Activity
A faithful copy of the entries is required, with no images in it.

Entries shown

........

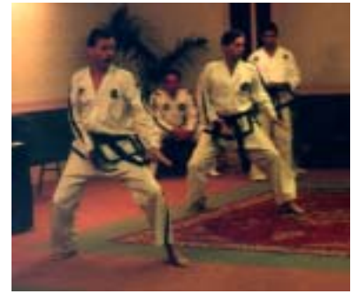
Maui Grading 1998
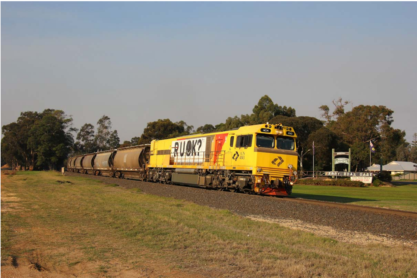
ACN4143 with its “RUOK?” mental health signage leads a load of alumina through Burekup to Bunbury Port, 11 th May.
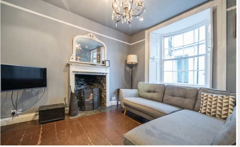
Open Plan Sitting Room
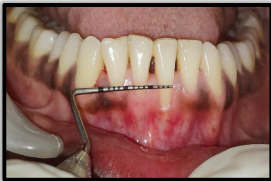
RECESSION WIDTH = 3 MM
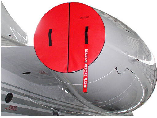
Global Express Exhaust Plugs
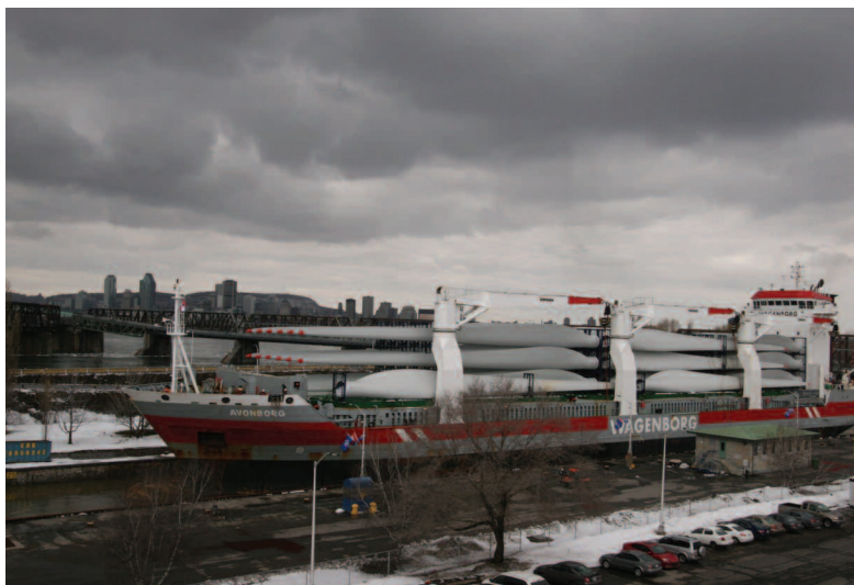
The Avonborg carries wind turbine components bound for Indiana through the St. Lambert Lock.

The Avonborg had closed out the waterway's 2010 season and its arrival as first ship entering the Seaway for the new season served as the impressive backdrop for the annual opening ceremony at the first of seven Canadian and U.S. locks permitting vessels to enter Lake Ontario. The upbound ship entered Snell Lock the following day at 9:35 a.m., officially kicking off the U.S. Seaway's season. Headed to Burns Harbor, Indiana, the ship's cargo will be offloaded and trucked to a wind farm in Payne, Ohio, near Ft. Wayne.
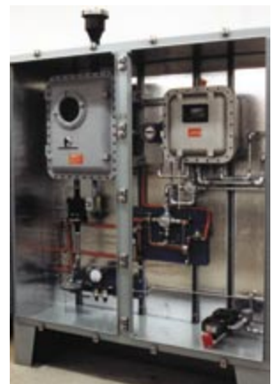
Temperature Controlled Free Standing Enclosure
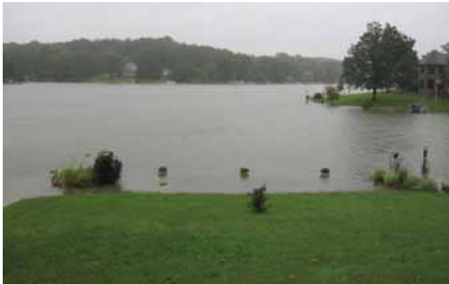
Above: Water rose quickly and passed the gardens and planters along the seawall at F29. Below: the newly placed sand and gravel at the lakefront beach was washed away.
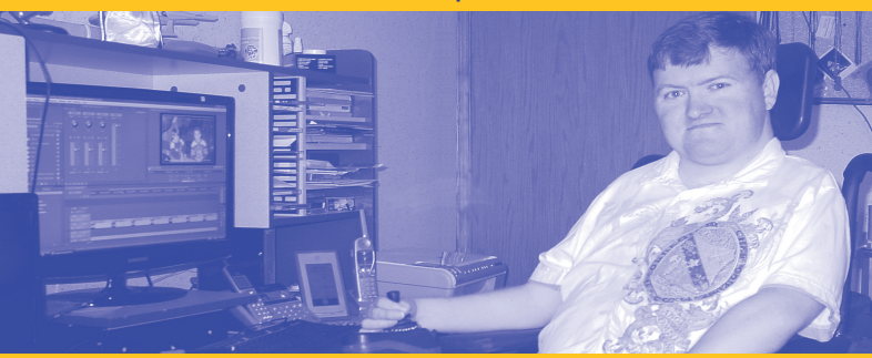
Timeless DVD Memories
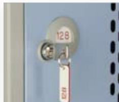
Key cam lock

Comprehensive brochure available on request

........

Response area
Maui Grading 1998
ACN4143 with its “RUOK?” mental health signage leads a load of alumina through Burekup to Bunbury Port, 11 th May.
Open Plan Sitting Room
RECESSION WIDTH = 3 MM
Global Express Exhaust Plugs
The Avonborg carries wind turbine components bound for Indiana through the St. Lambert Lock.

The Avonborg had closed out the waterway's 2010 season and its arrival as first ship entering the Seaway for the new season served as the impressive backdrop for the annual opening ceremony at the first of seven Canadian and U.S. locks permitting vessels to enter Lake Ontario. The upbound ship entered Snell Lock the following day at 9:35 a.m., officially kicking off the U.S. Seaway's season. Headed to Burns Harbor, Indiana, the ship's cargo will be offloaded and trucked to a wind farm in Payne, Ohio, near Ft. Wayne.
Temperature Controlled Free Standing Enclosure
Above: Water rose quickly and passed the gardens and planters along the seawall at F29. Below: the newly placed sand and gravel at the lakefront beach was washed away.
Timeless DVD Memories
Key cam lock

Comprehensive brochure available on request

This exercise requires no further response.